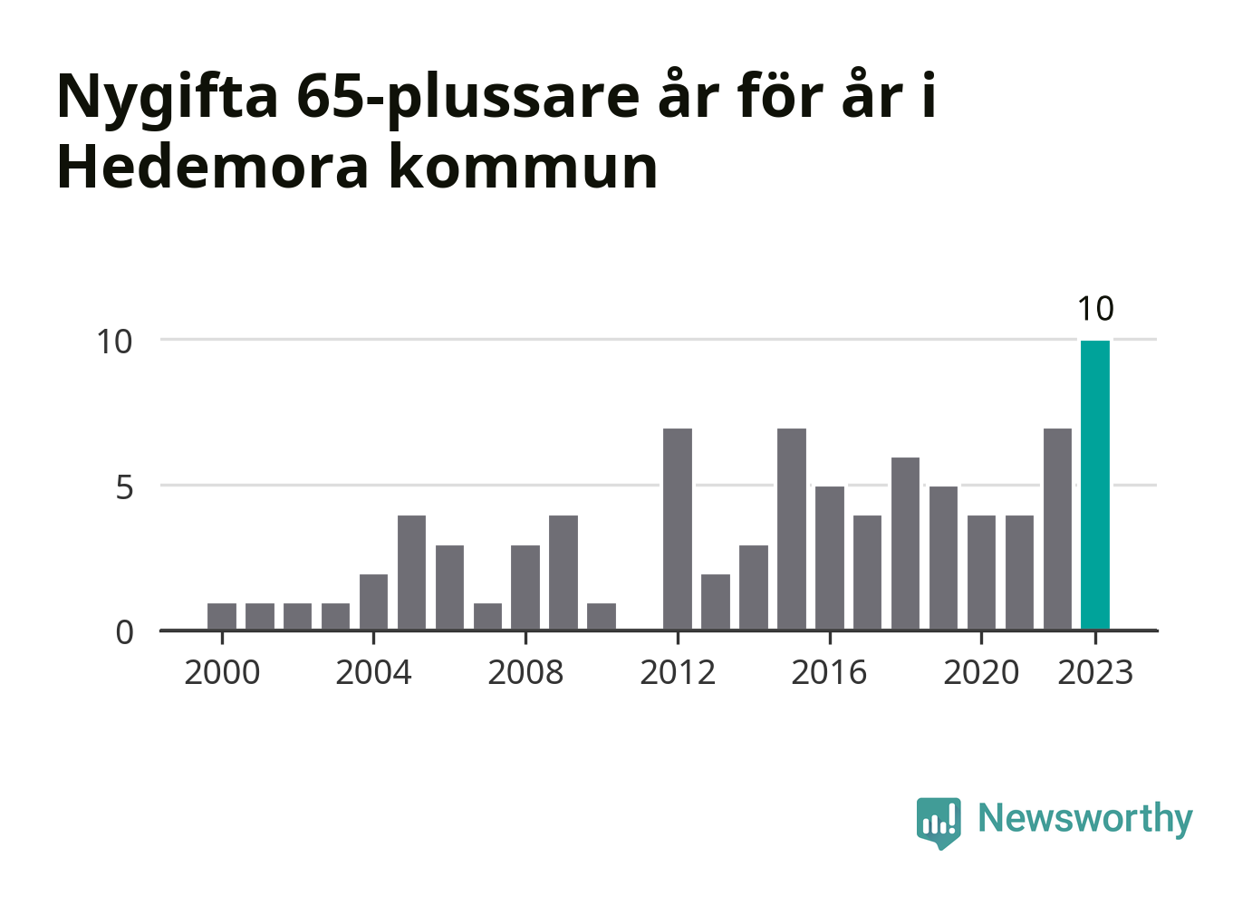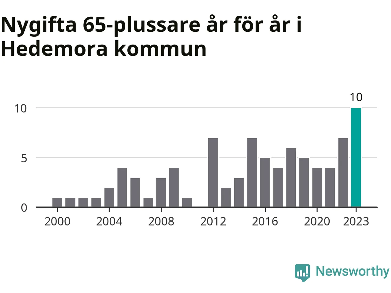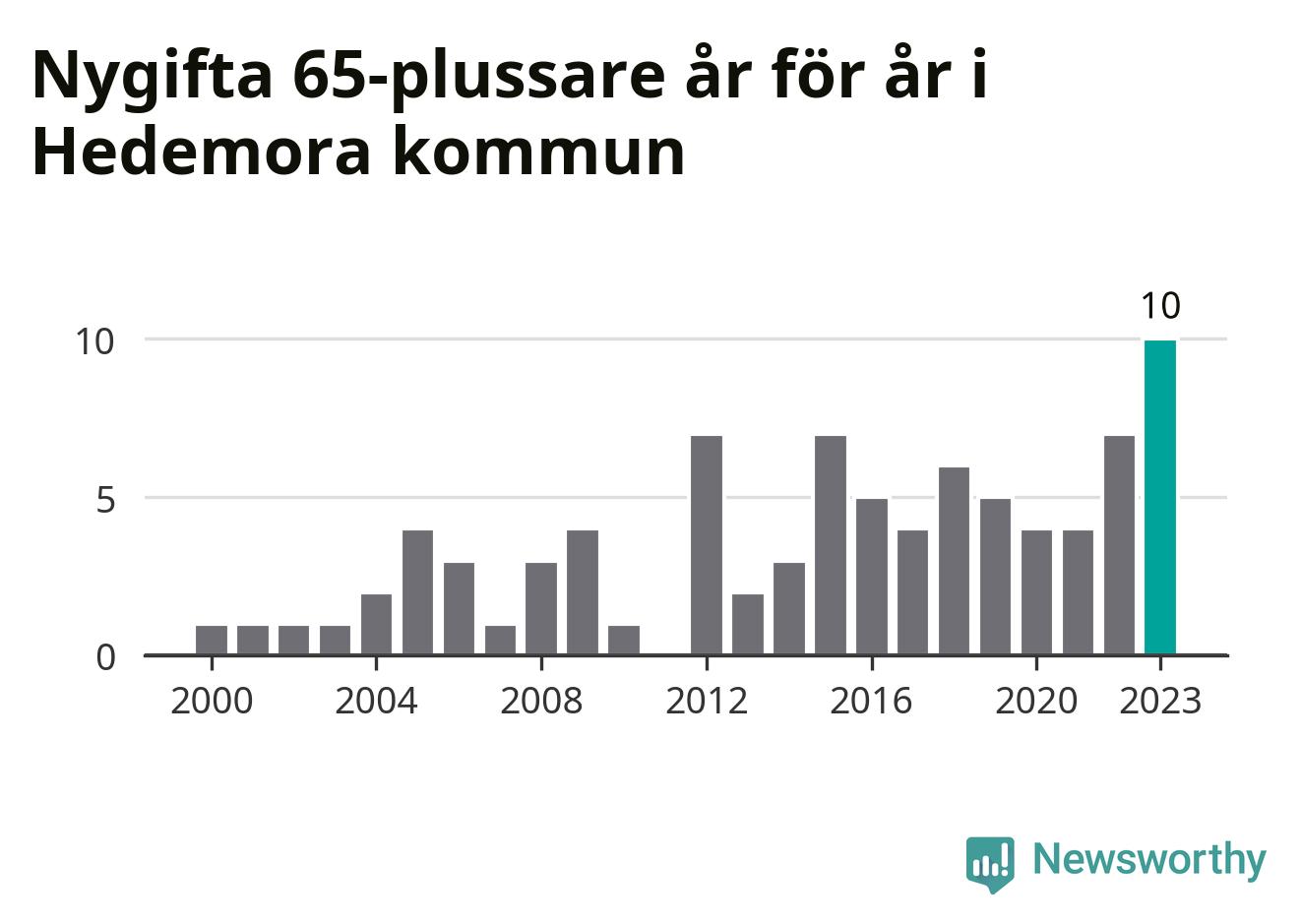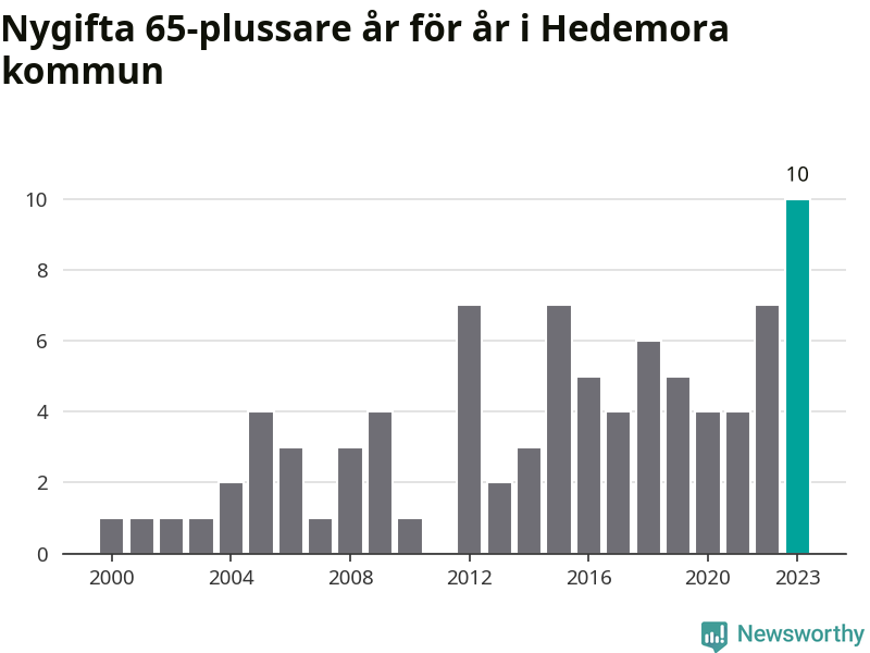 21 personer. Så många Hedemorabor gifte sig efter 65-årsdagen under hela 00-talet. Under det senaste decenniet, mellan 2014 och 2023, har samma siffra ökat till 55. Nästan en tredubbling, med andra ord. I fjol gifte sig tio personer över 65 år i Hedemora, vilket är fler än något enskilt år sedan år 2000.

==

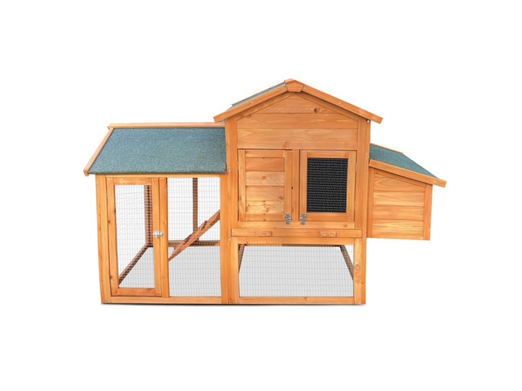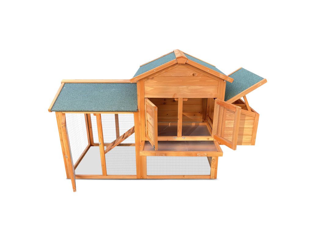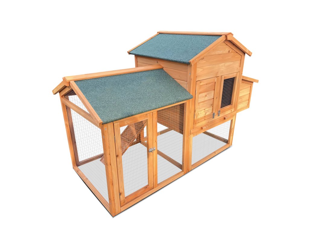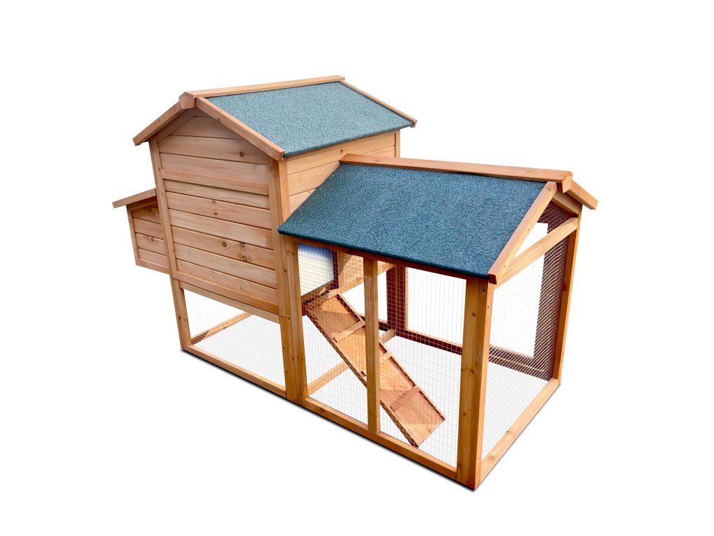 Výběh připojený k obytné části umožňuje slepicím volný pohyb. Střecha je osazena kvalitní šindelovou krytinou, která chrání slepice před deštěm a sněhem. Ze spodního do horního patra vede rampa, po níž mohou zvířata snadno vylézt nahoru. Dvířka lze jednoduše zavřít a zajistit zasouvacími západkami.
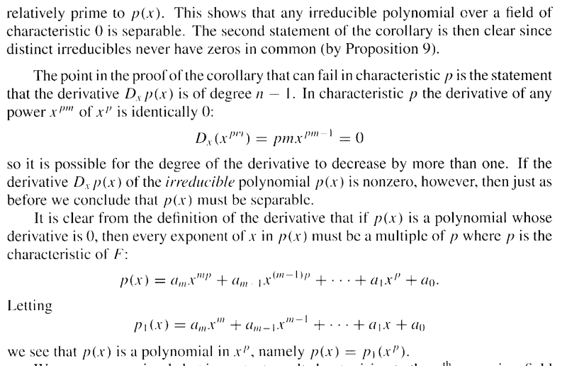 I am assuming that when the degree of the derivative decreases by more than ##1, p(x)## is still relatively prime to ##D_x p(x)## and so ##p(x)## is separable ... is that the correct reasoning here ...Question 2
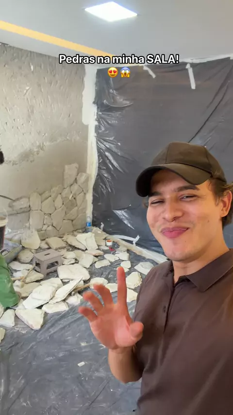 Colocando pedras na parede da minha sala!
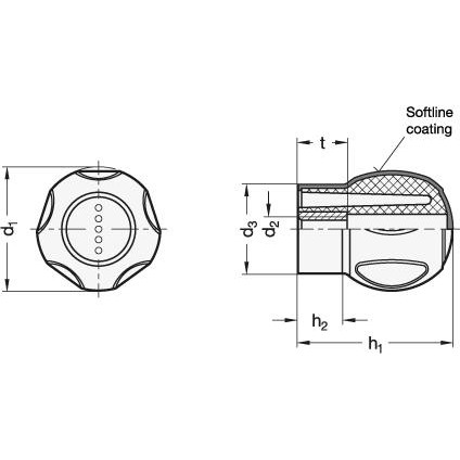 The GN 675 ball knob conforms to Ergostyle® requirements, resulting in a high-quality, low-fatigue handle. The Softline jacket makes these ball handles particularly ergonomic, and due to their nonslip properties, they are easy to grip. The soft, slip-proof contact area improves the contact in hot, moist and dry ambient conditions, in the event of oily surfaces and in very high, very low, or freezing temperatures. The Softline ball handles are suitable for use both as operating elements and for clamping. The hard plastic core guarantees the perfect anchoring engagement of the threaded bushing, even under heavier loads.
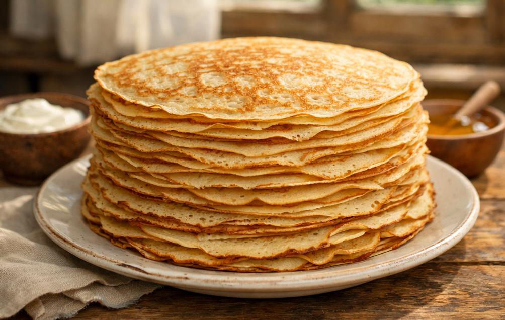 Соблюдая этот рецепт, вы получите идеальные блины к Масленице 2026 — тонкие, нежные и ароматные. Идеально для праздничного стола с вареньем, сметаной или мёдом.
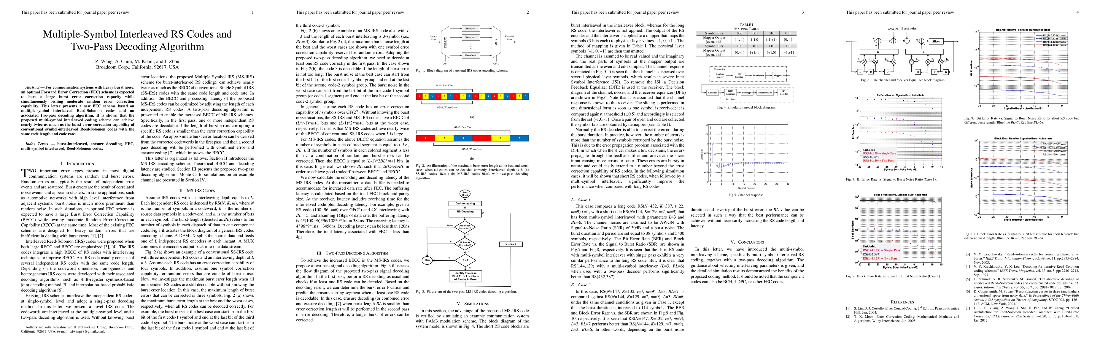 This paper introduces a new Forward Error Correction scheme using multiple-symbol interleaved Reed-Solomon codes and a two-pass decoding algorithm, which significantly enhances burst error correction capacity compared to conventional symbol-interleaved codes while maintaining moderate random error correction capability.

--

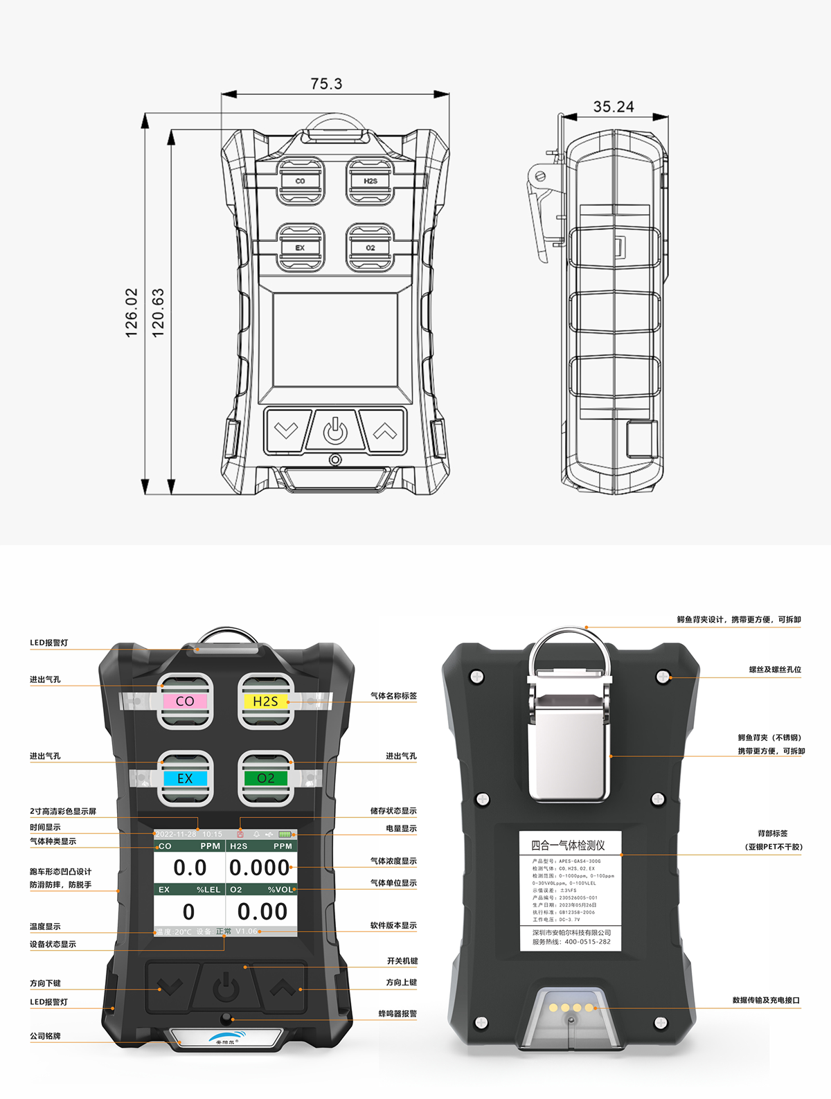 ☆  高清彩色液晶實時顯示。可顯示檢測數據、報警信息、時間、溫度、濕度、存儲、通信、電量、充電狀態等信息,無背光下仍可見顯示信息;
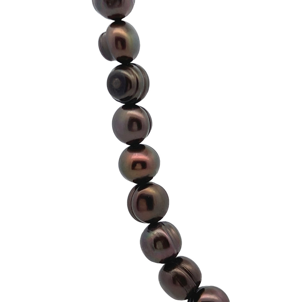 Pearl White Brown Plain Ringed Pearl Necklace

EXERCISE PROMPT: Would you set down only the lines above from the line with "The GN 675 ball" to the line with "This paper introduces", both included, exactly as they stand and without the pictures?

RESULT OF THE TASK:
 The GN 675 ball knob conforms to Ergostyle® requirements, resulting in a high-quality, low-fatigue handle. The Softline jacket makes these ball handles particularly ergonomic, and due to their nonslip properties, they are easy to grip. The soft, slip-proof contact area improves the contact in hot, moist and dry ambient conditions, in the event of oily surfaces and in very high, very low, or freezing temperatures. The Softline ball handles are suitable for use both as operating elements and for clamping. The hard plastic core guarantees the perfect anchoring engagement of the threaded bushing, even under heavier loads.
 Соблюдая этот рецепт, вы получите идеальные блины к Масленице 2026 — тонкие, нежные и ароматные. Идеально для праздничного стола с вареньем, сметаной или мёдом.
 This paper introduces a new Forward Error Correction scheme using multiple-symbol interleaved Reed-Solomon codes and a two-pass decoding algorithm, which significantly enhances burst error correction capacity compared to conventional symbol-interleaved codes while maintaining moderate random error correction capability.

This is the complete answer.